Wysłane 2017-12-12 13:20 , Edytowane 2017-12-12 13:27

spider_co 

Te, które są przygotowane w biurze, są praktycznie kopiami, a dla użytkownika mają wydzieloną oddzielną partycję na dane, dlatego nie ma później wiekszych problemów, w razie awarii, z doprowadzeniem tego do ładu.


Chyba, że i tak część danych masz na C część w moich dokumentach, część na partycji. 

Powtarzam, żadna różnica czy jest to folder czy partycja od strony użytkownika.  

Generalnie najwygodniejsza opcja, to trzymanie danych w folderze, który jest synchronizowany z chmurą. 
W razie awarii lub zmiany laptopa szybko można odzyskać wszystkie dane. 


do właściwego segregowania dokumentów.

Jakiego Nortona? jakiego segregowania? Dlaczego traktujesz ludzi jak komputerowców?

Człowiek przychodzi i może nie zdawać sobie nawet sprawy jak działa komputer, gdzie są pliki itp. 
Człowiek podłącza np. aparat foto i mu się pliki gdzieś tam same kopiują. Odpala program i mu się dokumenty gdzieś tam same wgrywają. 

Ty chcesz, aby ludzie decydowali gdzie co zapiszą? Większość ludzi tego w ogóle nie ogarnia. Oni są przyzwyczajeni z telefonu, że samo ma się robić. 

I tak powinien być przygotowany sprzęt. Samo ma się wgrywać, samo zabezpieczać, samo kopiować i samo przywracać jak padnie. :-)

Mnie trafia, gdy jestem zmuszony później usiąść do takiego komputera.

Robię to od ponad 20 lat. :-) Przyzwyczaiłem się. I partycje tylko szkodzą. 

spider_co

Wysłane 2017-12-12 13:23 , Edytowane 2017-12-12 13:27

@1084
- Standardem są komputery, które przychodzą z jedną pustą partycją i zawaloną systemową. Bo... ludzie nie wiedzą jak korzystać innej, jak instalować gdziekolwiek poza C.  Programy same sobie wrzucają dane na systemową partycje.
- Chyba, że i tak część danych masz na C część w moich dokumentach, część na partycji.
No właśnie o tym, pisałem - to są komputery od "młodzieży", bo starsi użytkownicy są przyzwyczajeni (często jeszcze z dosowego Nortona), do właściwego segregowania dokumentów, które lądują na właściwej partycji, ładnie skatalogowane.

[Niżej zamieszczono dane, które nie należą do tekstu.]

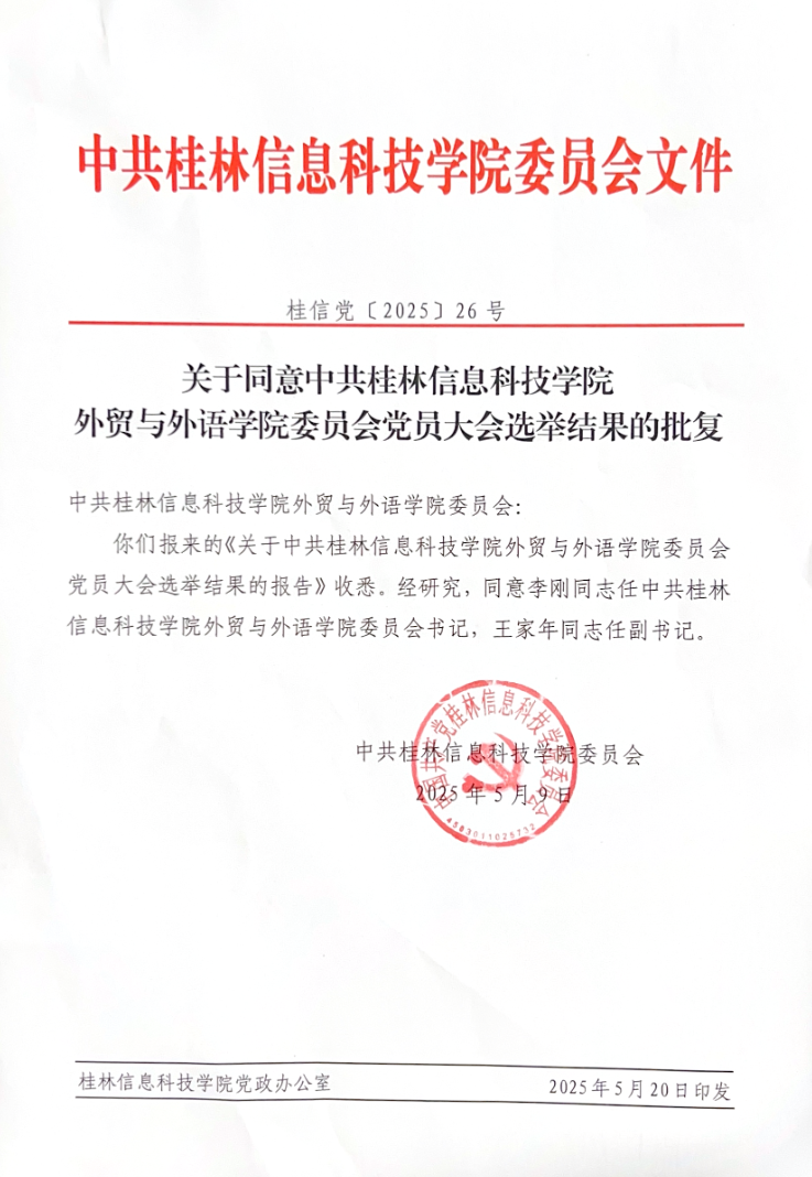 关于同意中共beat365在线唯一官网外贸与外语学院委员会党员大会选举结果的批复

Mnie trafia, gdy jestem zmuszony później usiąść do takiego komputera.

Generalnie najwygodniejsza opcja, to trzymanie danych w folderze, który jest synchronizowany z chmurą. 
W razie awarii lub zmiany laptopa szybko można odzyskać wszystkie dane.

W biurze możemy sobie pozwolić na zapis kopii na serwerze backupowym (i tak jest to rozwiązane), ale ze względu na specyfikę budów, było by to niebezpieczne.

Admiror, O paries, te non cecidisse ruinis, qui tot scriptorum taedia sustineas!

1084

  • 1084
  • wiadomość Użytkownik
  • Znawca sprzętu komputerowegoMiły gość

  • 18808 wypowiedzi

Wysłane 2017-12-12 13:30 , Edytowane 2017-12-12 13:30

ze względu na specyfikę budów, było by to niebezpieczne.

Dlaczego? Niema problemu z zabezpieczeniem danych. Raz, że dostęp regulujesz odgórnie, dwa niema problemu aby je szyfrować. Nie bardzo widzę tutaj niebezpieczeństwo. Wręcz przeciwnie. łatwiej uzyskać dane niepowołanej osobie z komputera niż z chmury. 

spider_co

Wysłane 2017-12-13 07:55

@1084
Nie chodzi o problem z szyfrowaniem, ale o transmisję danych. Awarie zasilania (łącznie z paleniem UPSów), to ciągłe ryzyko na budowie, niestabilność łączy jest na porządku dziennym, a w wielu przypadkach (na Słowacji notorycznie) łatwiej by było przenieść dane durszlakiem, niż puszczać internetem. Dlatego praktyka jest taka, kopie robi się po zakończonej budowie, bądź przy innych odwiedzinach kierownika w siedzibie firmy, przy okazji robiąc konserwację sprzętu.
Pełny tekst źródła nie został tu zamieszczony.